#### [What the task requires]
While copying the entries exactly, leave out each picture they contain.

Stored data entries:
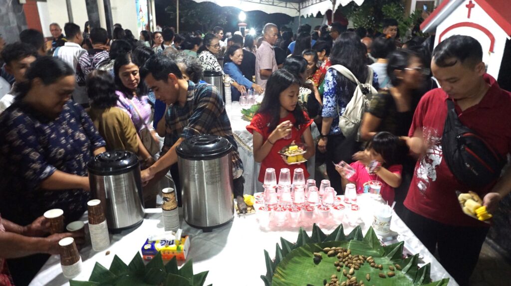 Usai misa, umat diajak menikmati pesta syukur dengan sajian khas Jawa seperti bubur sura, kacang dan pisang godog, pohong, kimpul, kentang ireng, ditemani teh panas dan wedang jahe. Semua dinikmati bersama dengan iringan musik gamelan oleh OMK yang terus mengalun hingga acara usai.
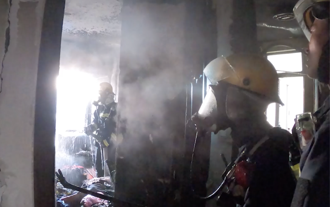 从救援现场视频中可以看到,屋内浓烟密布,可以说是伸手不见五指,这也给救援带来一定的难度。消防员做好防护措施之后,进入屋内一边排除危险,一边靠近被困人员。即使房间不大,但浓烟加上高温,让救援人员移动的每一步都很艰难。经过探步前进,消防员终于找到被困人员,并在第一时间用水枪掩护被困者进行转移。7时38分,被困人员被成功营救。此时,离7时30分抵达现场仅过去8分钟,却是生死营救的8分钟。
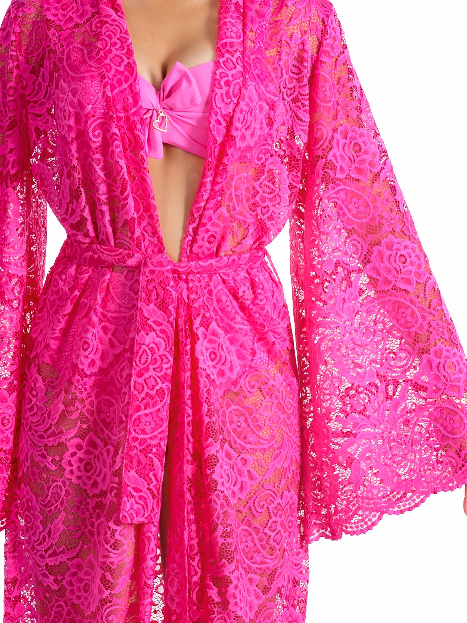 Lekki, przewiewny materiał z kunsztownym koronkowym wzorem to połączenie, które zachwyca. Szlafrok oferuje doskonałą osłonę przed słońcem, jednocześnie pozwalając skórze oddychać. Obszerne rękawy typu kimono dodają całości dramatycznego charakteru, a możliwość noszenia z paskiem lub bez sprawia, że jedna narzutka daje Ci kilka różnych stylizacji.
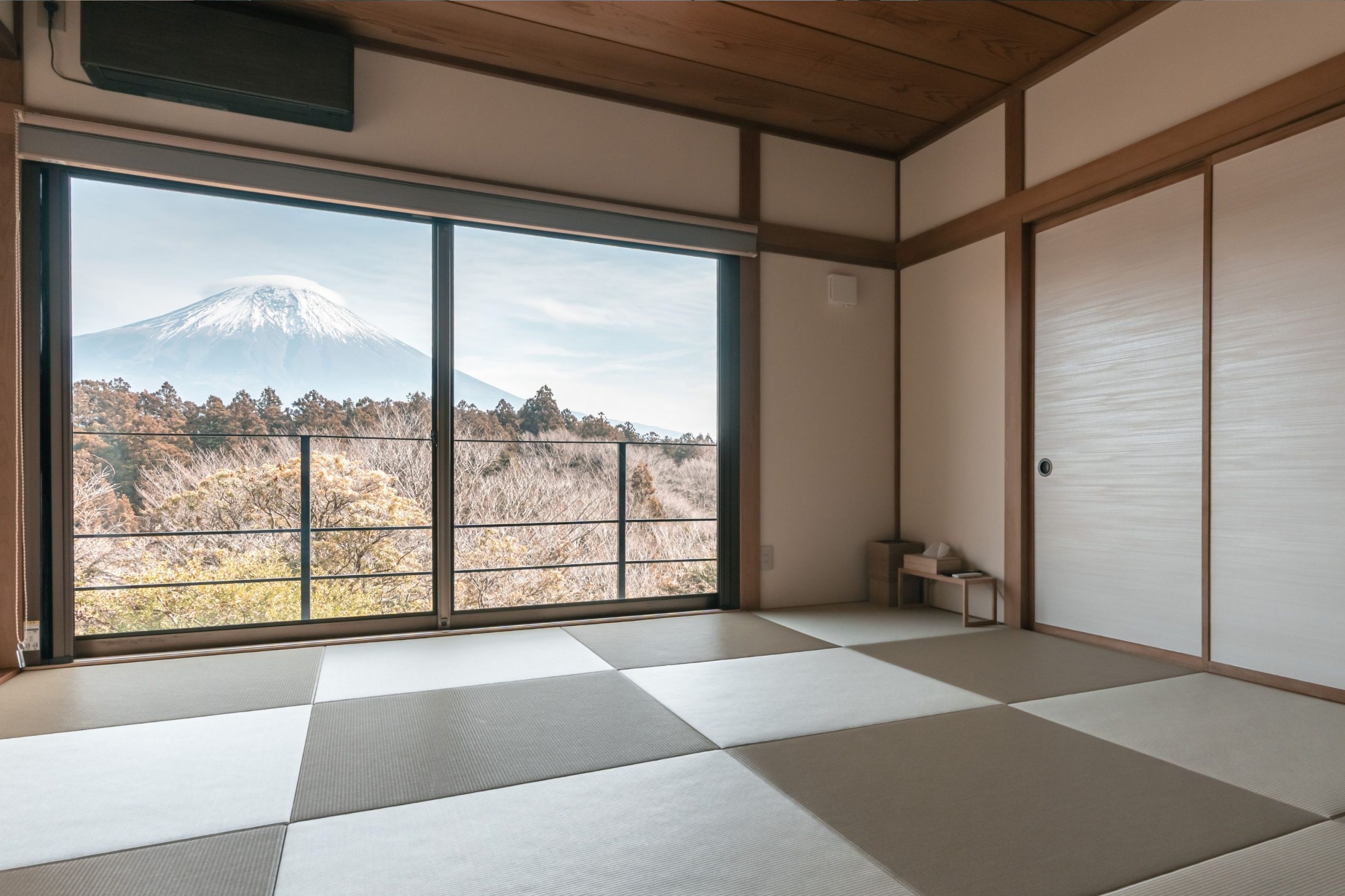 静寂と高級感が調和する空間で、特注の大きな窓から望む富士山の絶景や囲炉裏を囲むひとときが魅力です。
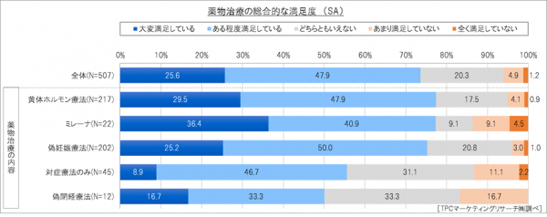 「対症療法のみ」「偽閉経療法」を行っている人は満足度が低い。
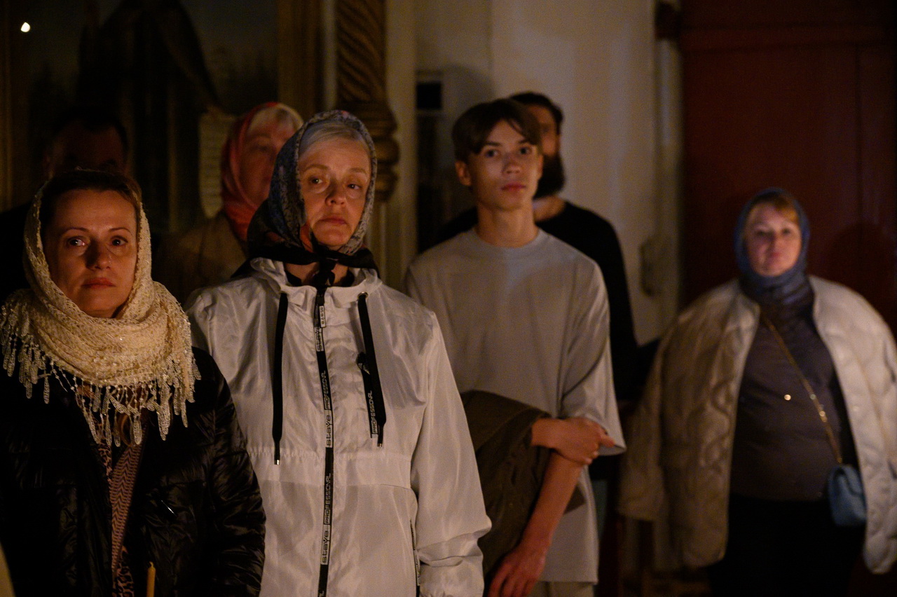 За торжественным богослужением в Пасхальную ночь в кафедральном соборе молились многочисленные прихожане, православные псковичи и паломники.
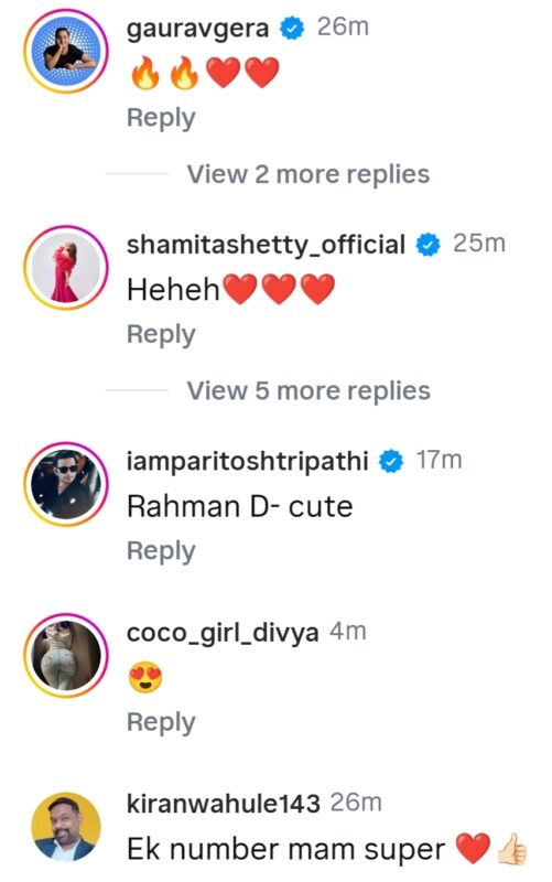 शिल्पा शेट्टी के सराहना भरे इस पोस्ट पर फिल्म से जुड़े कलाकारों ने भी आभार व्यक्त किया. अर्जुन रामपाल ने लव इमोजी के साथ थैंक यू सो मच कहा. गौरव गेरा ने आग और दिल के इमोजी के साथ अपनी अनुभूति ज़ाहिर की. शिल्पा शेट्टी की बहन शमिता शेट्टी ने भी अपने मज़ेदार रिएक्शन दिए.
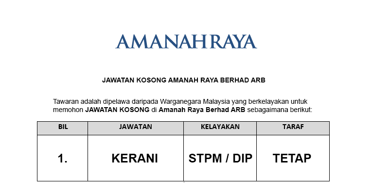 Amanah Raya Berhad Arb Jawatan Kosong Kerani Dibuka Jobcari Com Jawatan Kosong Terkini

#### [Response below]
 Usai misa, umat diajak menikmati pesta syukur dengan sajian khas Jawa seperti bubur sura, kacang dan pisang godog, pohong, kimpul, kentang ireng, ditemani teh panas dan wedang jahe. Semua dinikmati bersama dengan iringan musik gamelan oleh OMK yang terus mengalun hingga acara usai.
 从救援现场视频中可以看到,屋内浓烟密布,可以说是伸手不见五指,这也给救援带来一定的难度。消防员做好防护措施之后,进入屋内一边排除危险,一边靠近被困人员。即使房间不大,但浓烟加上高温,让救援人员移动的每一步都很艰难。经过探步前进,消防员终于找到被困人员,并在第一时间用水枪掩护被困者进行转移。7时38分,被困人员被成功营救。此时,离7时30分抵达现场仅过去8分钟,却是生死营救的8分钟。
 Lekki, przewiewny materiał z kunsztownym koronkowym wzorem to połączenie, które zachwyca. Szlafrok oferuje doskonałą osłonę przed słońcem, jednocześnie pozwalając skórze oddychać. Obszerne rękawy typu kimono dodają całości dramatycznego charakteru, a możliwość noszenia z paskiem lub bez sprawia, że jedna narzutka daje Ci kilka różnych stylizacji.
 静寂と高級感が調和する空間で、特注の大きな窓から望む富士山の絶景や囲炉裏を囲むひとときが魅力です。
 「対症療法のみ」「偽閉経療法」を行っている人は満足度が低い。
 За торжественным богослужением в Пасхальную ночь в кафедральном соборе молились многочисленные прихожане, православные псковичи и паломники.
 शिल्पा शेट्टी के सराहना भरे इस पोस्ट पर फिल्म से जुड़े कलाकारों ने भी आभार व्यक्त किया. अर्जुन रामपाल ने लव इमोजी के साथ थैंक यू सो मच कहा. गौरव गेरा ने आग और दिल के इमोजी के साथ अपनी अनुभूति ज़ाहिर की. शिल्पा शेट्टी की बहन शमिता शेट्टी ने भी अपने मज़ेदार रिएक्शन दिए.
 Amanah Raya Berhad Arb Jawatan Kosong Kerani Dibuka Jobcari Com Jawatan Kosong Terkini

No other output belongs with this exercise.